● **Provided data**
=-=-=
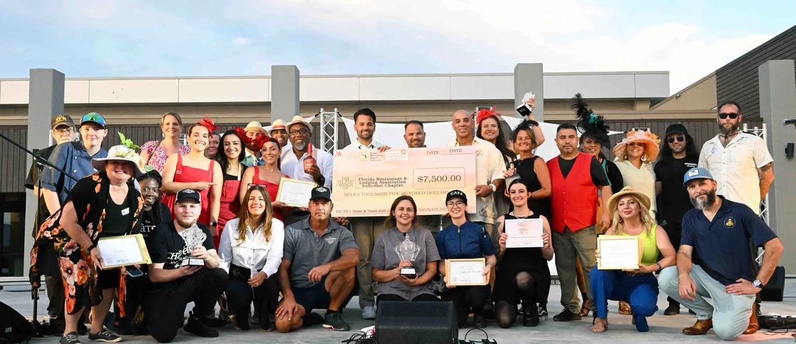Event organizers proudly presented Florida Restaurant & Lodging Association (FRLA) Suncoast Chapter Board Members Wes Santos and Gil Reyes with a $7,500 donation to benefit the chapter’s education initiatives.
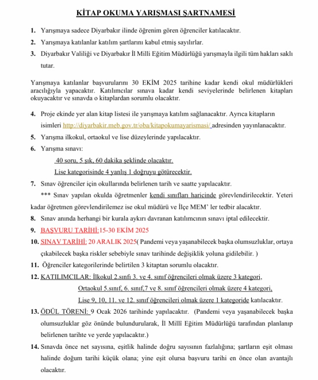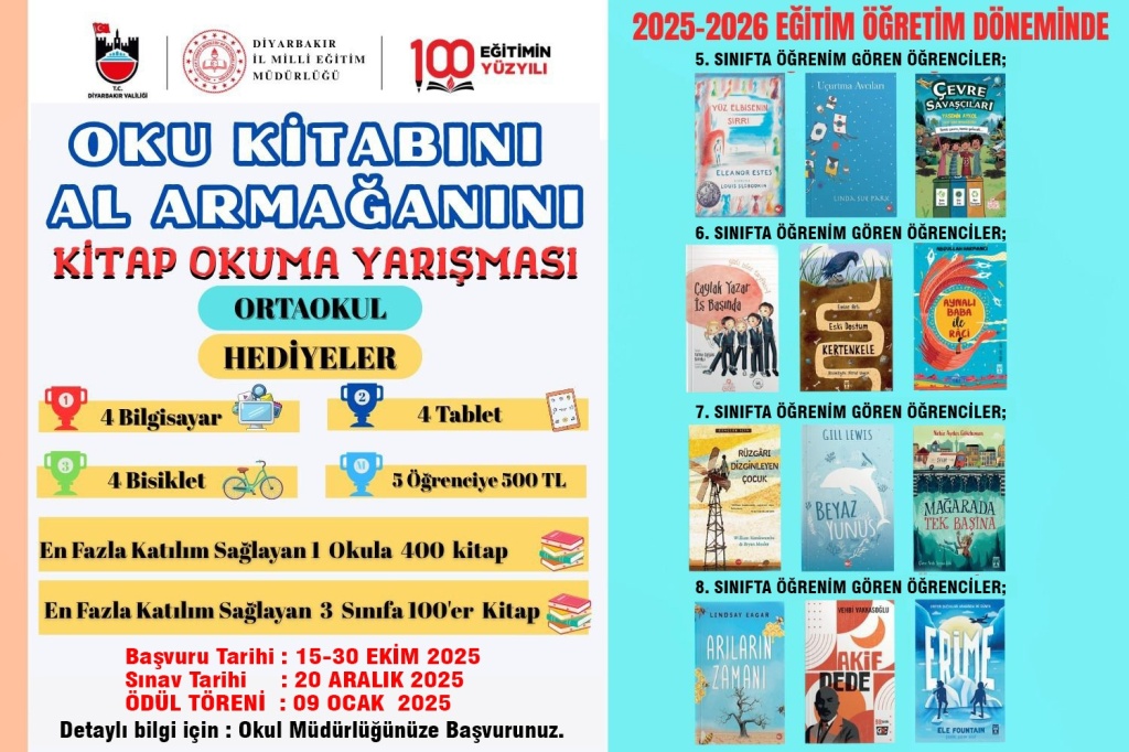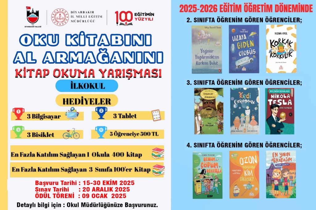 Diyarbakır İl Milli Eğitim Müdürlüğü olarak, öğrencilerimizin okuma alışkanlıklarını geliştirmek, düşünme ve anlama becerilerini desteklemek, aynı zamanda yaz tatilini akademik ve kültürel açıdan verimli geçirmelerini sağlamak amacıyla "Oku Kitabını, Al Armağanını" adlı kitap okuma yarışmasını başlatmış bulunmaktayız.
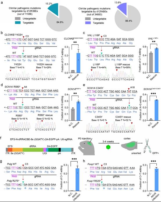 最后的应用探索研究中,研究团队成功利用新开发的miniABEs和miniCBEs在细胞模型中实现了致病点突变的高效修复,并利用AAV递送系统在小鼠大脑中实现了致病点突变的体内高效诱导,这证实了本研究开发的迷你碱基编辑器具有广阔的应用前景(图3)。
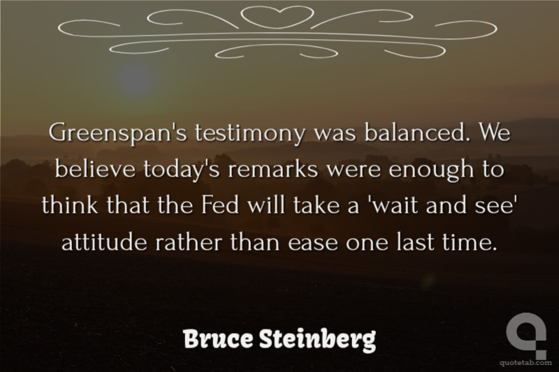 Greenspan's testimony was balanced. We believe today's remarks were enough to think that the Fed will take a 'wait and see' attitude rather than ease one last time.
=-=-=
● **What the exercise asks**
Copy the whole of the material above exactly, and exclude every picture.

● **Reply**
Event organizers proudly presented Florida Restaurant & Lodging Association (FRLA) Suncoast Chapter Board Members Wes Santos and Gil Reyes with a $7,500 donation to benefit the chapter’s education initiatives.
 Diyarbakır İl Milli Eğitim Müdürlüğü olarak, öğrencilerimizin okuma alışkanlıklarını geliştirmek, düşünme ve anlama becerilerini desteklemek, aynı zamanda yaz tatilini akademik ve kültürel açıdan verimli geçirmelerini sağlamak amacıyla "Oku Kitabını, Al Armağanını" adlı kitap okuma yarışmasını başlatmış bulunmaktayız.
 最后的应用探索研究中,研究团队成功利用新开发的miniABEs和miniCBEs在细胞模型中实现了致病点突变的高效修复,并利用AAV递送系统在小鼠大脑中实现了致病点突变的体内高效诱导,这证实了本研究开发的迷你碱基编辑器具有广阔的应用前景(图3)。
 Greenspan's testimony was balanced. We believe today's remarks were enough to think that the Fed will take a 'wait and see' attitude rather than ease one last time.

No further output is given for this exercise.